Let call $C_i$ the set of possible ciphertexts for message $m_i$.

With $n=1$, we have
* $C_1 = \{ \text{BEBA}, \text{CFCB}, \text{DGDC}, \dots \}$
* $C_2 = \{ \text{DEDA}, \text{EFEB}, \text{FGFB}, \dots \}$
* $C_3 = \{ \text{CFCB}, \text{DGDC}, \text{EHED}, \dots \}$

So $C_1 = C_3$, while $C_2$ is distinct. Thus, we have $2\times26=52$ ciphertexts. The first set has probability $0.5+0.2=0.7$. The second set has probability $0.3$.

$H(C)=
    -26\times 0.7/26\log_2 0.7/26
    -26\times 0.3/26\log_2 0.3/26
    = 5.58
$

With $n=2$, we have again $C_1 = C_2 = C_3$. In fact, the key $(2,0)$ can map BEBA into DEDA, while the key $(1,1)$ can map BEBA into CFCB. Consequently all the messages generate the same $26^2=676$ ciphertexts.
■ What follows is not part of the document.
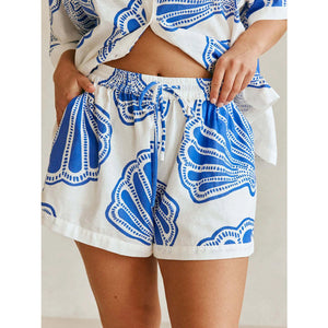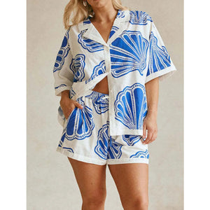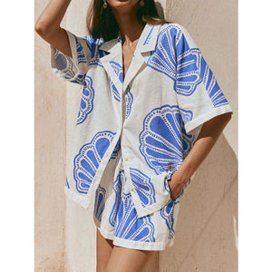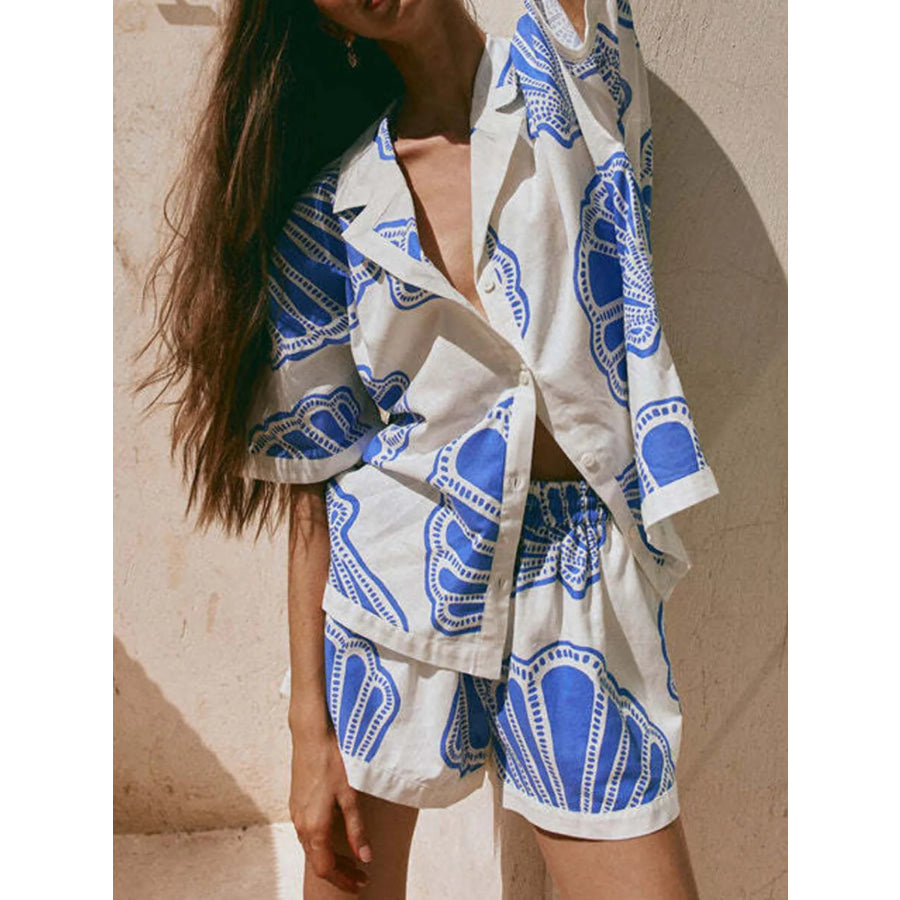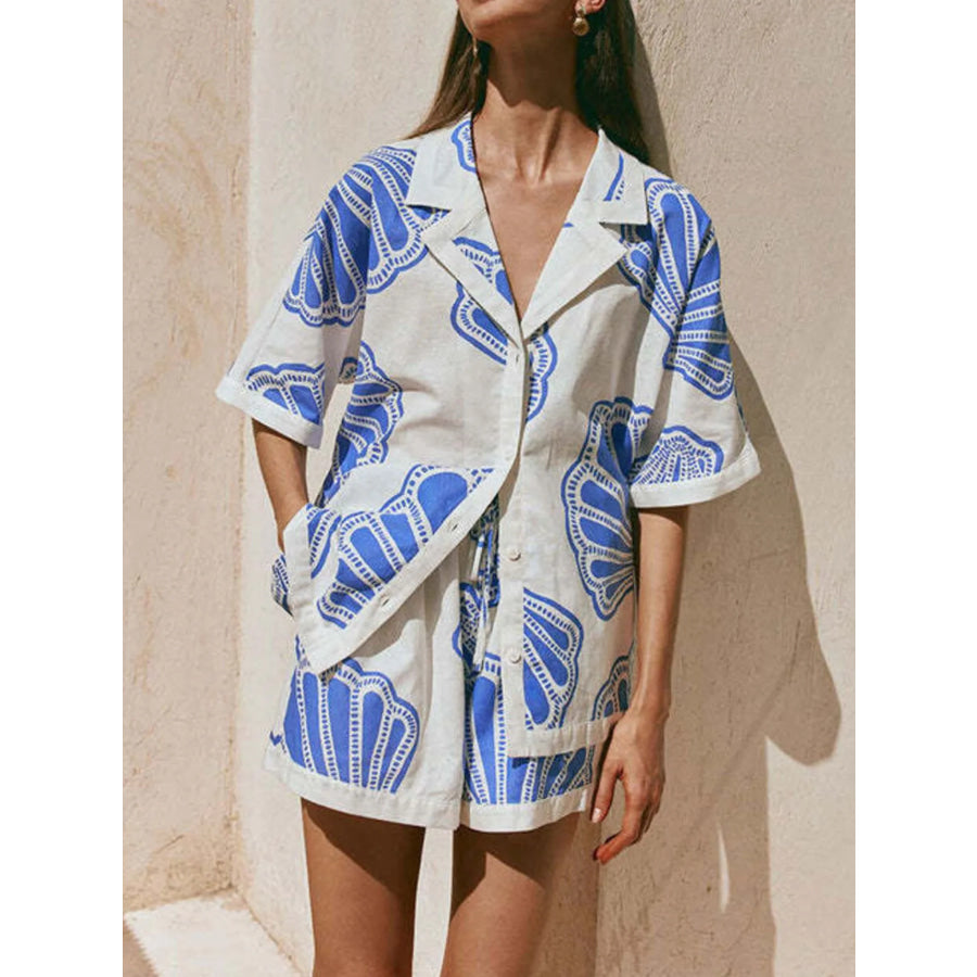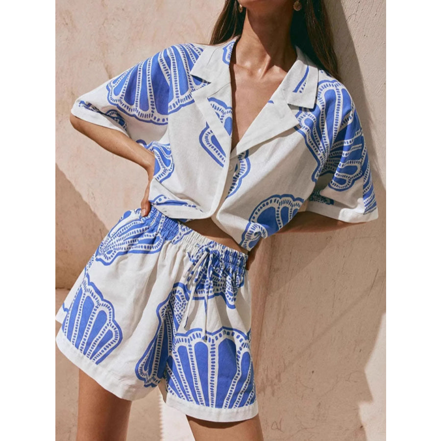 Printed Button Up Shirt and Shorts Set

$H(C)= -676 / 676 \log_2(1/676)=9.4$

With $n=4$, we have $C_1 = C_2 = C_3$. Thus, we have $26^4=456976$ equally likely ciphertexts.

$H(C)= 26^4 / 26^4 \log_2(1/26^4)=18.8$

#### Part 4

With $n=1$

$H(C|M)=H(C_1)\Pr(m_1) + H(C_2)\Pr(m_2) + H(C_3)\Pr(m_3)= 4.7$

Then
$
	I(M;C) =
	H(C)-H(C|M) = 5.58 - 4.7 = 0.88
$

With $n=2$

$
	H(C|M)=H(C_1)\Pr(m_1) + H(C_2)\Pr(m_2+m_3)= 9.4
$

Then
$
	I(M;C) =
	H(C)-H(C|M) = 9.4-9.4 = 0
$

With $n=4$

$
	H(C|M)=H(C_1)\Pr(m_1+m_2+m_3)= 18.8
$

Then
$
	I(M;C) =
	H(C)-H(C|M) = 18.8-18.8=0
$

#### Part 5
If these three are the only possible messages, then with $n=2$ and $n=4$ we have perfect secrecy.